British historian and Roman Catholic theologian (born 1963)

Richard Damian Finn, O.P. (born 27 March 1963) is a British historian and Roman Catholic theologian, currently serving as Director of the Las Casas Institute for Social Justice at Blackfriars, Oxford, and a member of the Theology Faculty and the Classics Faculty at the University of Oxford. He has previously served as Regent of Blackfriars, as well as Novice Master for the English Province of the Order of Preachers.

==Education==
Richard Finn was educated at St Catharine's College, Cambridge (BA English, MA). He joined the Order of Preachers in 1985 and was ordained a Priest in the Roman Catholic Church in 1990.

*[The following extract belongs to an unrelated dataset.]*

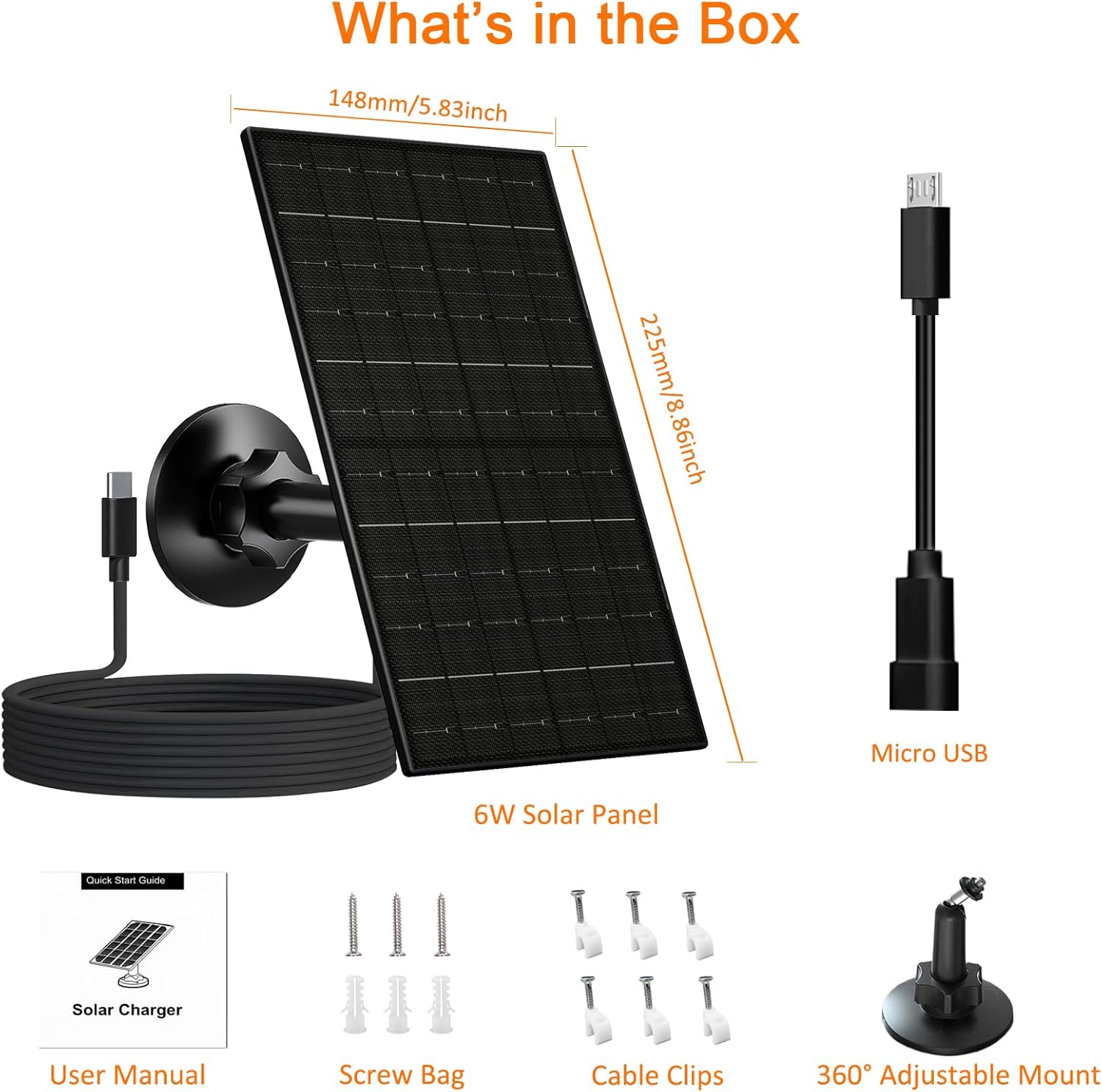 Solar Panel for Security Camera: This 6W USB solar panel is designed to power most rechargeable, battery-operated security cameras with Micro USB or Type-C charging ports. It provides continuous, stable power without the need for frequent battery replacements, making it suitable for long-term use. However, it is not compatible with Arlo, Blink, Ring, Google Nest, Kasa, or other non-rechargeable cameras.

He read Classical Moderations and Literae Humaniores at Corpus Christi College, Oxford, where he was awarded the Haigh Prize. After a period as Chaplain to the University of Leicester he became Assistant Chaplain at Fisher House, Cambridge. He completed a MPhil at Jesus College, Cambridge. Returning to Corpus, he studied for a DPhil, producing a thesis entitled The Christian promotion and practice of almsgiving in the later Roman Empire: (313-450), which was supervised by Averil Cameron and Peter Garnsey. It formed the basis of his book Almsgiving in the later Roman Empire: Christian promotion and practice (313-450) (Oxford; New York: Oxford University Press, 2006).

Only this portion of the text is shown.